We consider this re-weighting to be essential to accurately reflect the prediction problem, especially if m_2lr < <m_lr or m_rest < <m_lr. Early experiments without re-weighting lead to poor prediction performance originating from small objects (remnants and fragments). In general, small objects are more difficult to predict compared to large objects. Moreover, the assignment of the second-largest remnant tends to jump in the presence of many small objects, making it almost impossible to predict robustly. This labelling noise then leads to large error gradients, hampering learning significantly. This problem is ameliorated with our re-weighting approach.

We use identical training hyperparameters for our deep learning models (FFN and RES). Training is performed via stochastic gradient descend (Robbins & Monro 1951), utilizing the backpropagation algorithm (Kelley 1960; Rumelhart, Hinton & Williams 1986). We use the adamax optimizer (Kingma & Ba 2014) with default hyperparameters, a minibatch size of bs = 128, a constant learning rate of η = 0.0005, and a weight decay of wd = 0.0001. We apply gradient-norm clipping (Pascanu, Mikolov & Bengio 2013), allowing for maximum gradient norms of n_grad = 50. Moreover, we use exponential moving average models (Ruppert 1988; Polyak 1990; Tarvainen & Valpola 2017) with a rate of r_ema = 0.999 for validation and testing. We find that the mean-squared error leads to worse validation performance than the MAE, which is more robust to outliers. To alleviate the exploding gradient problem as described by Metz et al. (2021), we additionally penalize too large activations of hidden states h_t in our RES model. We train each of our models for 5000 epochs, which is sufficient to reach convergence.

Since different ML architectures are inherently difficult to compare, we try to find the best architectures and respective models in terms of validation performance for each model class (i.e. FFN and RES) separately. We optimize hyperparameters manually in an iterative manner (i.e. always optimizing one hyperparameter at a time while keeping others fixed, and repeating the procedure until convergence in validation performance) and dedicate approximately the same amount of time and computational resources to optimize each set of hyperparameters for FFN and RES. Table B1 summarizes all optimized hyperparameters for FFN and RES, while LIN has no model-class hyperparameters. In order to prevent information leakage and misleading test performance, we solely perform hyperparameter finetuning based on validation performance. Test performance is measured after model development was completed. In principle, RES allow using intermediate states as additional learning signals. Unless stated otherwise, we only use final states for training to ensure a fair comparison with our baselines.
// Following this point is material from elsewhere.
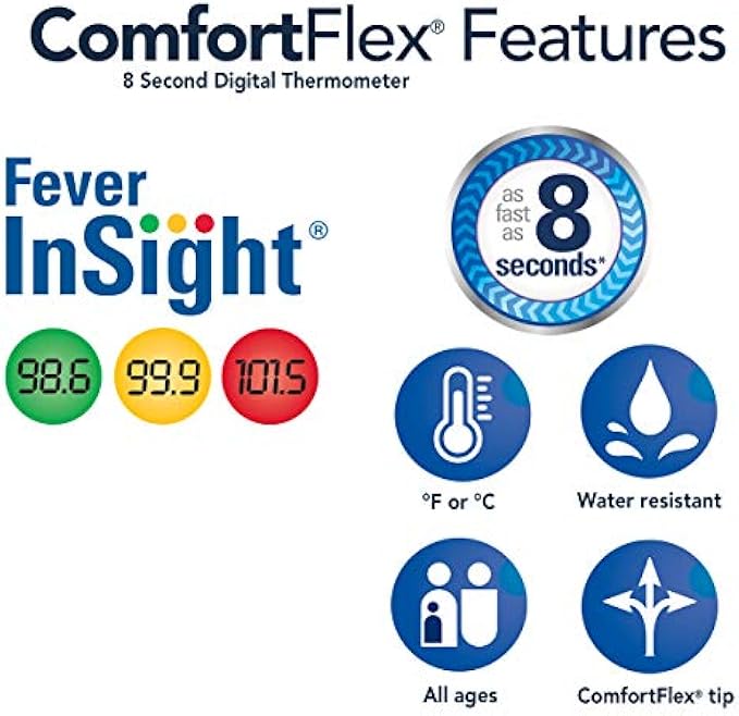 VERSATILE – With an 8-second turnaround time and flexible, comfortable tip, it’s great as a thermometer for adults as well as infants, toddlers and kids. ComfortFlex can be used as an oral digital thermometer, a baby rectal thermometer or under the arm.

We use the root mean squared error (RMSE) as our validation metric. For certain applications, prediction speed may play a significant role. We note that the RMSE metric does not account for this aspect and thus purely focuses on prediction accuracy. All performance results reported below are obtained by first taking the best RMSE (minimum) over all epochs for every fold individually, then averaging them over the folds. Errors indicate the minimum and maximum (over folds) of best RMSE values. The same procedure holds for classification accuracies, except for first taking the maximum instead of the minimum. Measuring and interpreting RMSE in the data space is unintuitive in our multi-task setting due to vastly different value ranges of individual quantities. Thus, RMSE is measured in ML feature-space. Moreover, since RMSE values have to be interpreted in consideration of the overall ML task, we recommend comparing reported results relative to each other.
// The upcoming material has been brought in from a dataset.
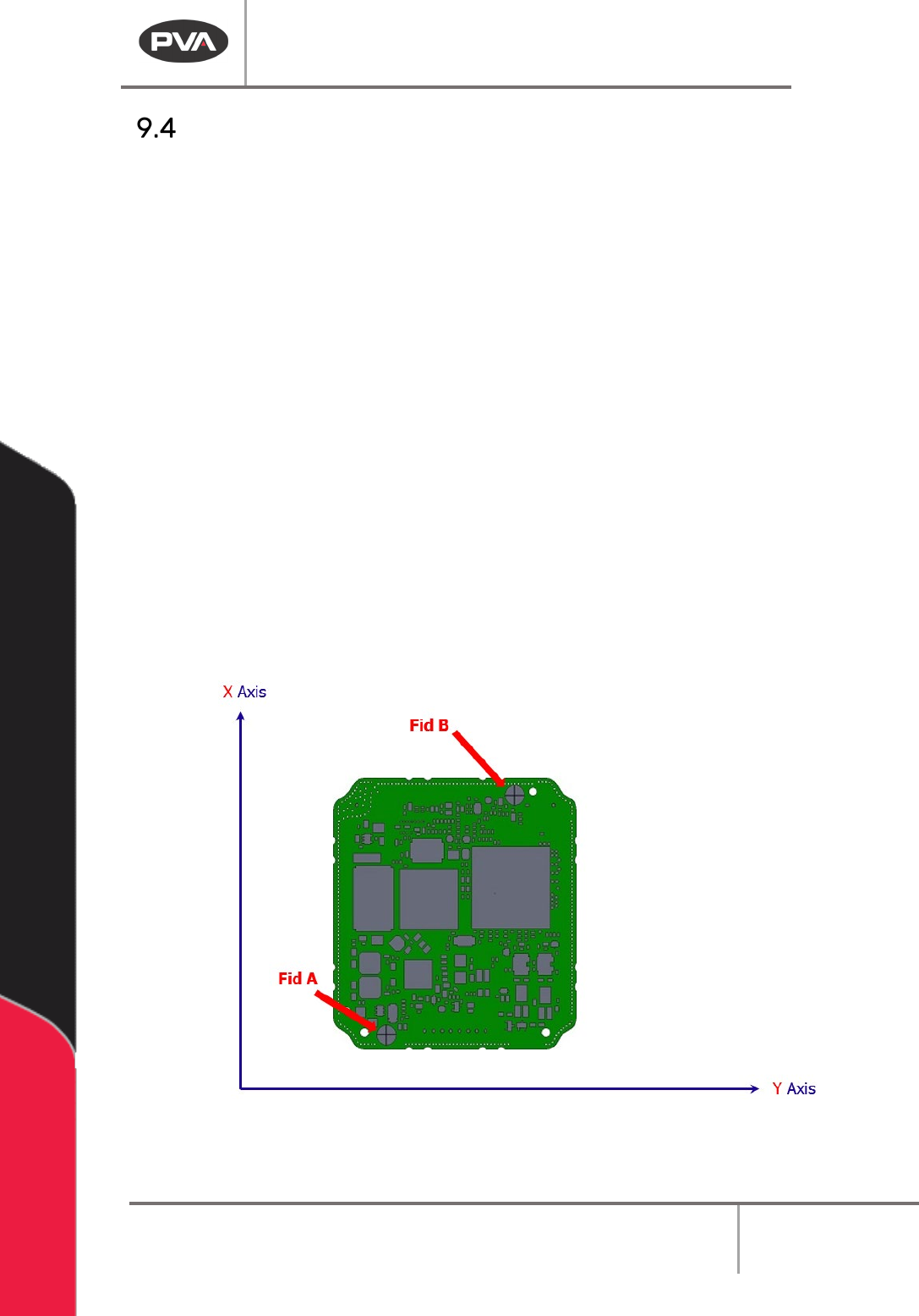 correction to fiducial B to find fiducial B on the PCB. When fiducial B is found, the rotational

We use the balanced accuracy score for validating classification performances of our models. Balanced accuracy in the multiclass classification setting is defined by taking the average of true-positive rates for individual classes. The true-positive rate is also referred to as sensitivity or recall. Considering the strong class-imbalances that are typically present in planetary collision data, we consider the balanced accuracy score to be much more problem-focused and more applicable compared to the unbalanced accuracy score.

2.2.6 Efficiency considerations of ML

3 RESULTS

3.1 SPH collision data

The provided SPH data serves as the basis for ML models in order to solve the collision treatment problem accurately and fast. To our knowledge, this data set is the first of its kind to combine different aspects such as object rotation, realistic object models including water layers, and providing time-series data. All data can be freely accessed (see Section 1.1).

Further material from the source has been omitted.